*Problem statement:*
Repeat the data word for word. Do not include the pictures.

*Data extract:*
====

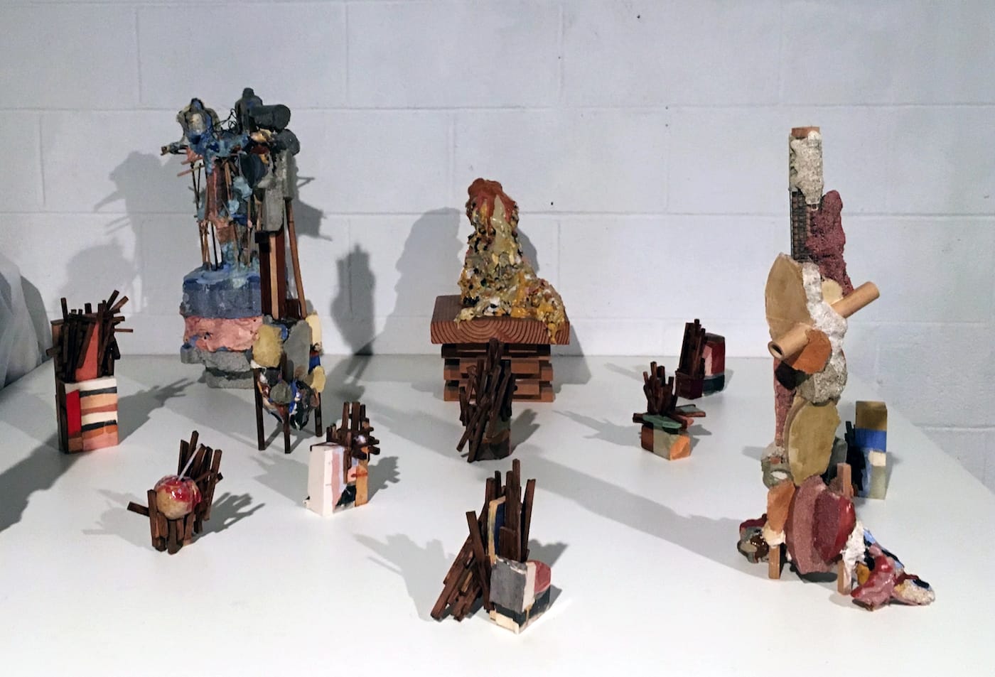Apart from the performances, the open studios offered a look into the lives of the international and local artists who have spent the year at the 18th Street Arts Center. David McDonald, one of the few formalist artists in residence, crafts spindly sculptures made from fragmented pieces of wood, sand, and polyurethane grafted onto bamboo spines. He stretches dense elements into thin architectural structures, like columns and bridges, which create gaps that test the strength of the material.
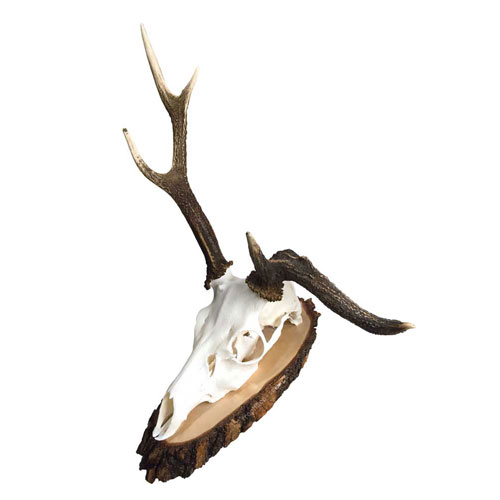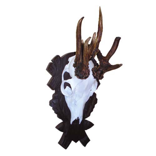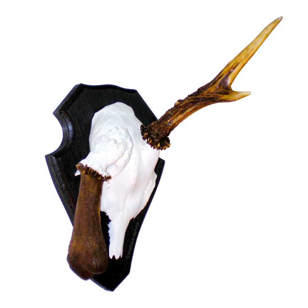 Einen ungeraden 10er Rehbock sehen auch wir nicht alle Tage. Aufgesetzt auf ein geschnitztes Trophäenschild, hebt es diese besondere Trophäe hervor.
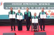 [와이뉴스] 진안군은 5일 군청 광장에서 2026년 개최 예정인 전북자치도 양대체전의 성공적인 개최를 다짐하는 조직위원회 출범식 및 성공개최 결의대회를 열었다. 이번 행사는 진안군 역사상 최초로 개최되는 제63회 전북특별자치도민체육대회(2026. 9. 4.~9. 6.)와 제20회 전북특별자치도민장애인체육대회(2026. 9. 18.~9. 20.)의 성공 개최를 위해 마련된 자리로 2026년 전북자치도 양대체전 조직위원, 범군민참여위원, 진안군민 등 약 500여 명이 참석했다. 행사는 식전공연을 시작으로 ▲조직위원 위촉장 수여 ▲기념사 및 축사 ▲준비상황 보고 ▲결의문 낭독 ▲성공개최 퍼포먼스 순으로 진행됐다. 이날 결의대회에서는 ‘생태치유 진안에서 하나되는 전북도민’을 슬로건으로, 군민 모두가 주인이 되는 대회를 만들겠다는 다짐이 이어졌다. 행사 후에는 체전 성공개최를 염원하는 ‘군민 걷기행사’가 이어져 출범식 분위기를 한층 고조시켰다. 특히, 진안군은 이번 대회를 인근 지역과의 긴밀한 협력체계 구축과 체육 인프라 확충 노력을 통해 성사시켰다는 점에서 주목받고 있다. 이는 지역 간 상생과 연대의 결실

====

*Answer to this problem:*
Apart from the performances, the open studios offered a look into the lives of the international and local artists who have spent the year at the 18th Street Arts Center. David McDonald, one of the few formalist artists in residence, crafts spindly sculptures made from fragmented pieces of wood, sand, and polyurethane grafted onto bamboo spines. He stretches dense elements into thin architectural structures, like columns and bridges, which create gaps that test the strength of the material.
 Einen ungeraden 10er Rehbock sehen auch wir nicht alle Tage. Aufgesetzt auf ein geschnitztes Trophäenschild, hebt es diese besondere Trophäe hervor.
 [와이뉴스] 진안군은 5일 군청 광장에서 2026년 개최 예정인 전북자치도 양대체전의 성공적인 개최를 다짐하는 조직위원회 출범식 및 성공개최 결의대회를 열었다. 이번 행사는 진안군 역사상 최초로 개최되는 제63회 전북특별자치도민체육대회(2026. 9. 4.~9. 6.)와 제20회 전북특별자치도민장애인체육대회(2026. 9. 18.~9. 20.)의 성공 개최를 위해 마련된 자리로 2026년 전북자치도 양대체전 조직위원, 범군민참여위원, 진안군민 등 약 500여 명이 참석했다. 행사는 식전공연을 시작으로 ▲조직위원 위촉장 수여 ▲기념사 및 축사 ▲준비상황 보고 ▲결의문 낭독 ▲성공개최 퍼포먼스 순으로 진행됐다. 이날 결의대회에서는 ‘생태치유 진안에서 하나되는 전북도민’을 슬로건으로, 군민 모두가 주인이 되는 대회를 만들겠다는 다짐이 이어졌다. 행사 후에는 체전 성공개최를 염원하는 ‘군민 걷기행사’가 이어져 출범식 분위기를 한층 고조시켰다. 특히, 진안군은 이번 대회를 인근 지역과의 긴밀한 협력체계 구축과 체육 인프라 확충 노력을 통해 성사시켰다는 점에서 주목받고 있다. 이는 지역 간 상생과 연대의 결실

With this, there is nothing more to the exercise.